PHP
Securely Hash Passwords with Bcrypt in PHP
Learn how to securely hash user passwords using PHP's `password_hash` function with the Bcrypt algorithm, preventing rainbow table attacks and making brute-forcing difficult.
<?php
/**
* Hashes a plaintext password using the Bcrypt algorithm.
* @param string $password The plaintext password.
* @return string The hashed password.
*/
function hashPassword(string $password): string
{
// PASSWORD_BCRYPT is currently the strongest algorithm provided by password_hash
// PASSWORD_DEFAULT constantly updates to the strongest available hash algorithm
return password_hash($password, PASSWORD_BCRYPT, ['cost' => 12]);
}
/**
* Verifies a plaintext password against a stored hashed password.
* @param string $password The plaintext password to check.
* @param string $hashedPassword The hashed password from the database.
* @return bool True if the password matches, false otherwise.
*/
function verifyPassword(string $password, string $hashedPassword): bool
{
return password_verify($password, $hashedPassword);
}
// Example Usage:
$userPassword = 'MySuperSecurePassword123!';
$hashedPswd = hashPassword($userPassword);
echo "Original Password: " . $userPassword . "
";
echo "Hashed Password: " . $hashedPswd . "
";
// Simulate user login attempt
$loginAttempt = 'MySuperSecurePassword123!';
if (verifyPassword($loginAttempt, $hashedPswd)) {
echo "Login successful!
";
} else {
echo "Login failed!
";
}
// Simulate wrong password
$wrongAttempt = 'WrongPassword456';
if (verifyPassword($wrongAttempt, $hashedPswd)) {
echo "Login successful (this should not happen)!
";
} else {
echo "Login failed (as expected)!
";
}
// Optionally rehash if the cost factor needs to be updated or algorithm changed
if (password_needs_rehash($hashedPswd, PASSWORD_BCRYPT, ['cost' => 13])) {
$newHashedPswd = hashPassword($userPassword); // using the same original password
echo "Password needs rehash.

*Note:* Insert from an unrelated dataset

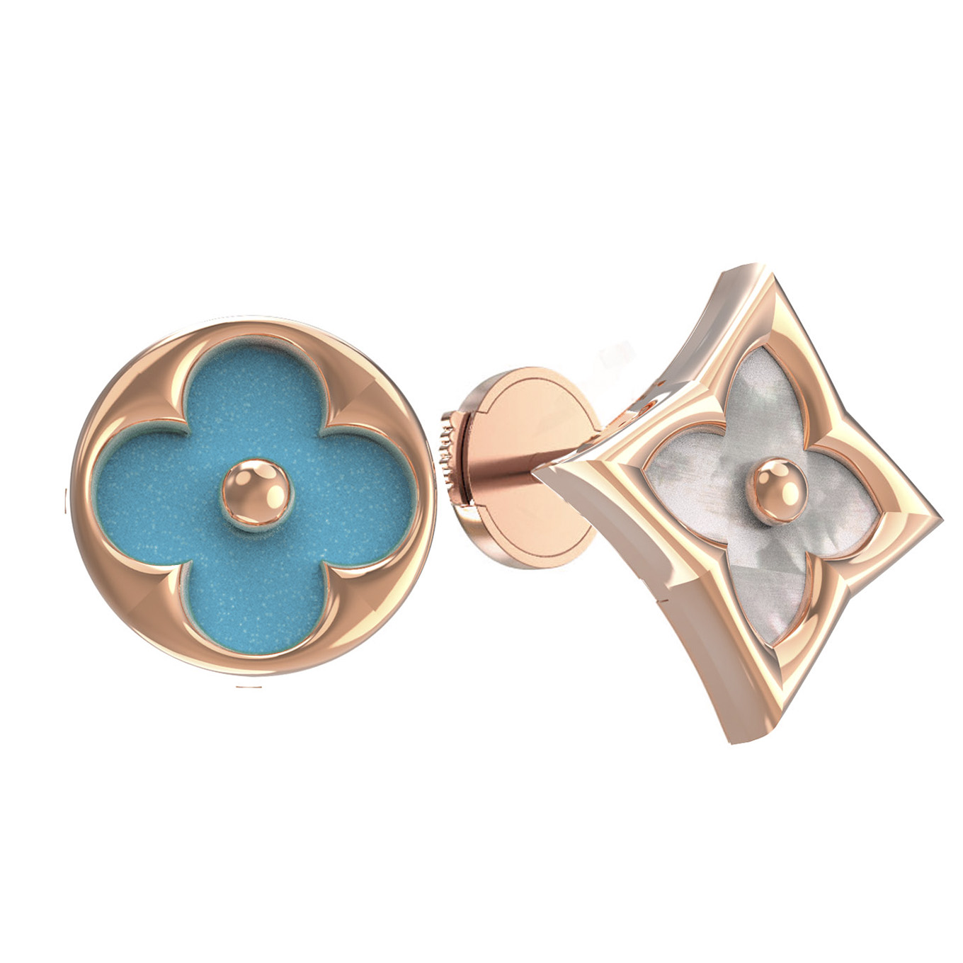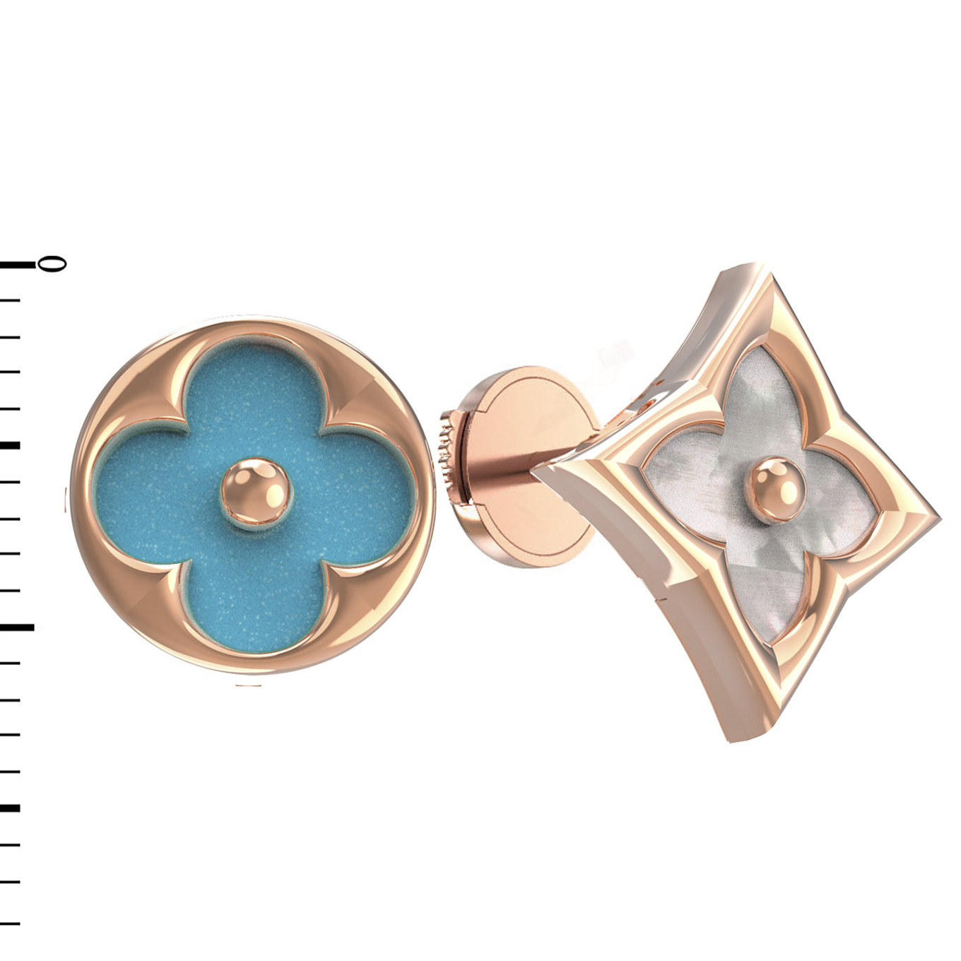 Серьги отличаются необычным сочетанием материалов: вставки из бирюзы бирюзового цвета и перламутра создают гармоничный контраст, притягивающий взгляд. Разная форма вставок — круг и ромб — подчеркивает уникальность исполнения и современный подход к классическим ювелирным традициям. Каждая вставка дополнена аккуратным золотым элементом в центре, что завершает художественную композицию.

New hash: " . $newHashedPswd . "
";
}
?>
How it works: This PHP snippet demonstrates how to securely hash and verify user passwords using `password_hash` and `password_verify` functions. It leverages the Bcrypt algorithm (recommended for its robustness and adaptive nature) and a configurable cost factor. Storing passwords as secure hashes, not plaintext, is critical to protect user data even if your database is compromised. The `password_needs_rehash` function also allows for automatically updating hashes to stronger configurations over time.